From the Wikipedia article on leap years, it appears that calendar systems that predated the Romans accounted for leap days, but do we know which calendar was the first to introduce a leap day, and if so, which year in human history was truly the first leap year?

  • 1
    If the first leap year existed in another calendar system (possibly one with a different number of days and a different start to the year), how would you map that to the current calendar in order to determine which year in human history was truly the first leap year?
    – Steve Bird
    Feb 26, 2019 at 21:14
  • 2
    The Ancient Sumerians had leap years (as per your title), but they added an extra month when needed, rather than a day, to keep the lunar year and solar year in step. Feb 26, 2019 at 22:07

1 Answer 1


Julian calendar was introduced in 45 BC. Leap years are those whose number is divisible by 4. However, there is a catch here. Of course Julius did not count the (negative) years BC (as we do).

(There is a joke: "Archeologists found a coin with the date inscribed: 45 BC":-)

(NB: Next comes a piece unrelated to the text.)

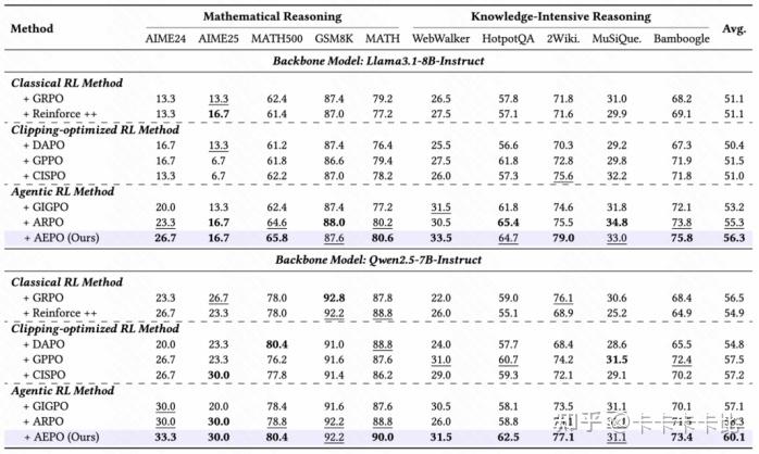 l Agentic RL算法具备泛化能力:ARPO,GIGPO,AEPO等算法在不同模型上表现稳定,证明在高熵环境下的分支探索有效。

To preserve the pattern of divisibility by 4, one needs to count from zero. But historians do not like zero, so in our common count year 1 is preceded by year 1 BC. (Which is more reasonable to call 0). So what is commonly known as 45 BC is really year -44. Which is divisible by 4. So this year was the first leap year.

By the common count (used by historians) it is 45 BC.

Source: Wikipedia.

  • 1
    According to the Wikipedia article the Julian Calendar started with a leap year every three years. There seems to be some disagreement about exactly when these were applied.
    – Steve Bird
    Feb 26, 2019 at 22:10
  • leap days were used before Ceasar although they were not regular. Every year the Pontifex Maximus decided whether to have leap days and how many, usually for political reasons since most public offices would start from March 1st. Cesar decided to end this mess.